No, the two numbers that really do threaten Labour are official economic indices – one covering consumer prices, the other average earnings. Since the coalition took power, pay packets have lagged behind obstinate inflation, creating a dip in living standards that defies all precedent since the 1920s. To the extent that Mr Miliband has been able to hit home, it has been on this cost-of-living terrain. The nation warmed to his 2011/12 "squeezed middle", and then again to his 2013 vow to cap energy bills. But on Monday inflation dropped back to 1.7%, just a hair's breadth above the 1.4% annual average advance in the latest earnings data. However delayed the recovery may be, it has undoubtedly arrived – and it is surprising with its strength. Common sense, as well as economic experience, would suggest that some of the new growth will soon enough find its way into salary cheques. The moment, which was always going to come, where the lines for earnings and prices cross cannot be far away.
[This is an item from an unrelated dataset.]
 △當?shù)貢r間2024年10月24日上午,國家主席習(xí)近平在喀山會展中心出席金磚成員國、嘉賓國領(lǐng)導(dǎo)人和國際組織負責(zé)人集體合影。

The thing that really should frighten Labour is how unprepared for this moment it sounds. After all, the only surprise is that pay has not already picked up. But just as Ed Balls floundered in replying to the autumn statement, as he struggled to update his "flatlining" script, Mr Miliband's much-criticised budget response relied too much on the same living standards record he has been playing for years. It is not that this is the wrong subject. Long years of getting poorer will not be undone the moment that pay rises bump back ahead of prices. The Ronald Reagan question – are you better off than you were four years ago? – will retain its punch right up to polling day. But as the ground stops falling from under family finances, voters will become more discerning.
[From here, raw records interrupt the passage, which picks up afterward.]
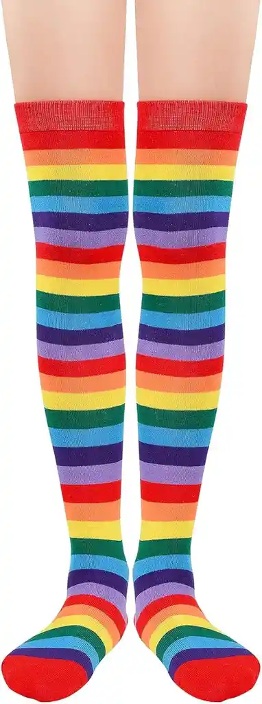 Medias de lineas multicolor color perfectas para la disfraz 1 par de medias Talla unica largo de 55 cm desde el talon material de tela diseño de rallas multicolor disponible para envio inmediato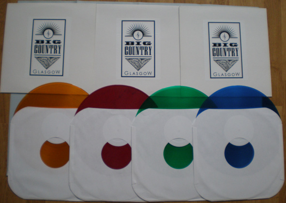 Apollo Glasgow 1984 Promo Live-LP, The Source Germany, limited Edition, on blue, red, green and yellow Vinyl. Recorded live at the Apollo Theatre in Glasgow on 21/12/1984. Raindance, Wonderland, Lost Patrol, Steeltown, In a big Country, Chance, Where the Rose is sown, Come back to me, East of Eden, Fields of Fire.
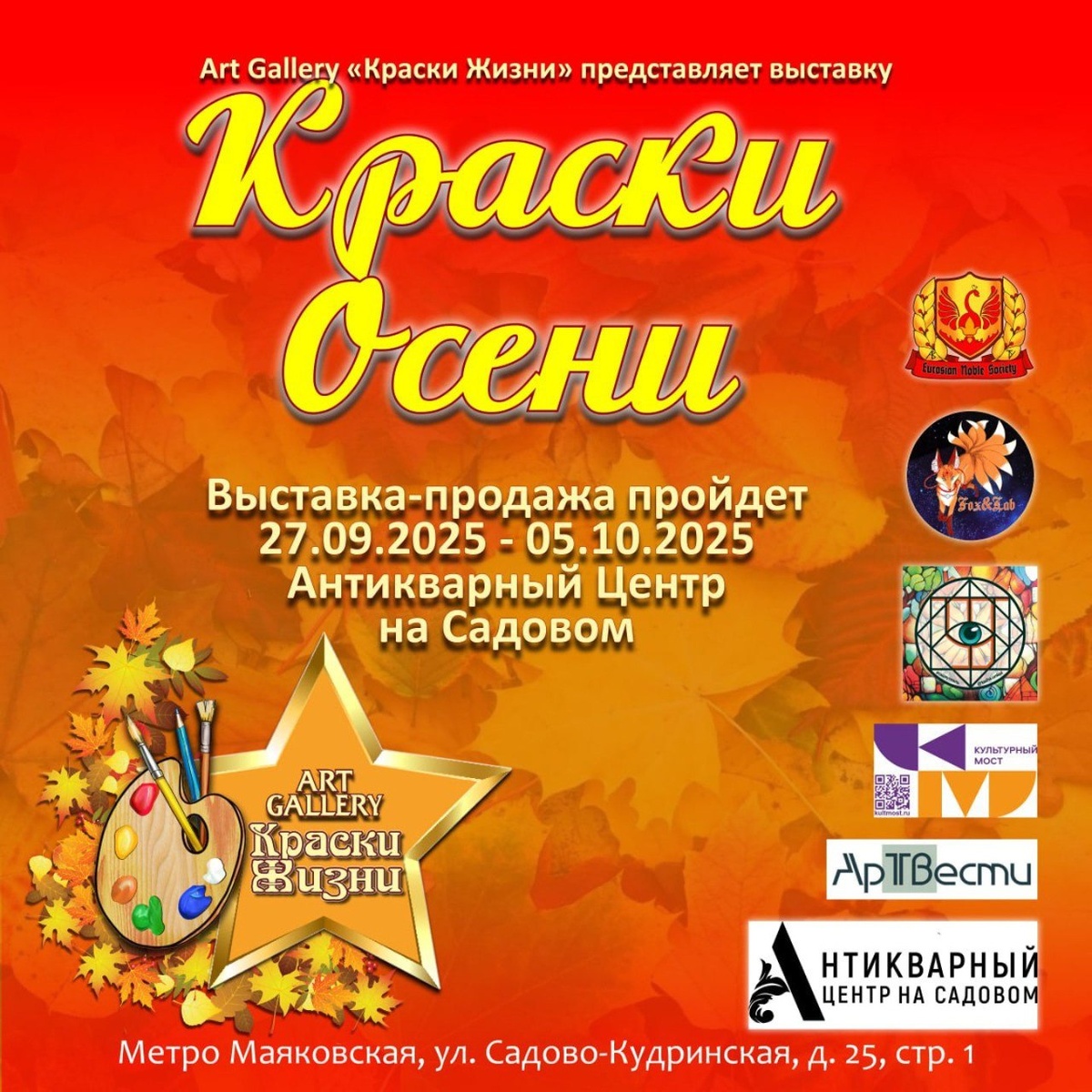 «КРАСКИ ОСЕНИ» Приглашаем принять участие в 11ой международной выставке-продаже картин современных художников «КРАСКИ ОСЕНИ» в Москве. 27.09 – 05.10. 2025г АДРЕС: м. Маяковская ул Садовая-Кудринская 25 Антикварный центр 3 этаж. Выставочный зал УСЛОВИЯ УЧАСТИЯ: 1 работа 4 т.р 3 работы 11 т.р. 5 работ 17 т.р. 10 работ 25 т.р По участию с большими картинами (ширина более 80 см) условия обговариваются индивидуально. НА ВЫСТАВКУ ПРИНИМАЮТСЯ: Творческие, авторские работы, с позитивной тематикой, в любых направлений и жанрах искусства, без агрессии В РАМКАХ ВЫСТАВКИ (входит в оплату) ОРГАНИЗАТОРЫ ПРЕДСТАВЛЯЮТ Проведение выставки в указанные сроки; Развеска картин, Презентация и продвижение художников в соц.сетях Продвижение в соц.сетях в рамках выставки (анонсы, именные афиши, упоминание в публикациях СМИ-партнеров) Диплом участника выставки. Фотосъемка. Видеосъемка. Запись интервью. … Подробнее на АртВести: https://artvesti.ru/news/afisha/2025/09/09/kraski-oseni/

In the previous mood of panic it was enough for an opposition party to proclaim that it felt the people's pain. Amid a recovery, the electorate needs convincing that anyone asking to be handed the economic controls has a practical plan for accelerating and sustaining the progress in prospect. When he daubs with a very broad brush, Mr Miliband can sometimes paint the outline of just such a plan. Two favoured themes of his leadership have been inequality and "predatory capitalism", both things which it can be reasonably argued are holding the living standards of most of the people below where they need to be. Skewed growth, disproportionately grabbed by the top, was causing middling pay rates to stagnate even before the overall average collapsed in the slump. And there is clearly every chance that Britain's unreformed capitalism will, as it recovers, again deliver growth for the few.

The weakness, as policy reviews bubble away half-forgotten in the background, is a failure to translate these themes into anything that might be called a programme. The shadow cabinet has never been energised to fill in the blanks as it should have been. The reaction to last week's budget demonstrated that the huge constituency of savers, necessarily sacrificed to near-zero interest rates over the recessionary years, is now almost pathetically grateful for any attention. A sharper Labour operation would have identified their neglect, and produced its own proposals some time ago; instead, the party was caught unprepared by a pension reform that was actually in the Tory manifesto. Six months down the line, as wages rise and election day looms, things are not going to be easier, but will get tougher than now for the opposition. To stay in the game, what Labour needs is less new principles than a new spirit of fight over the practicalities.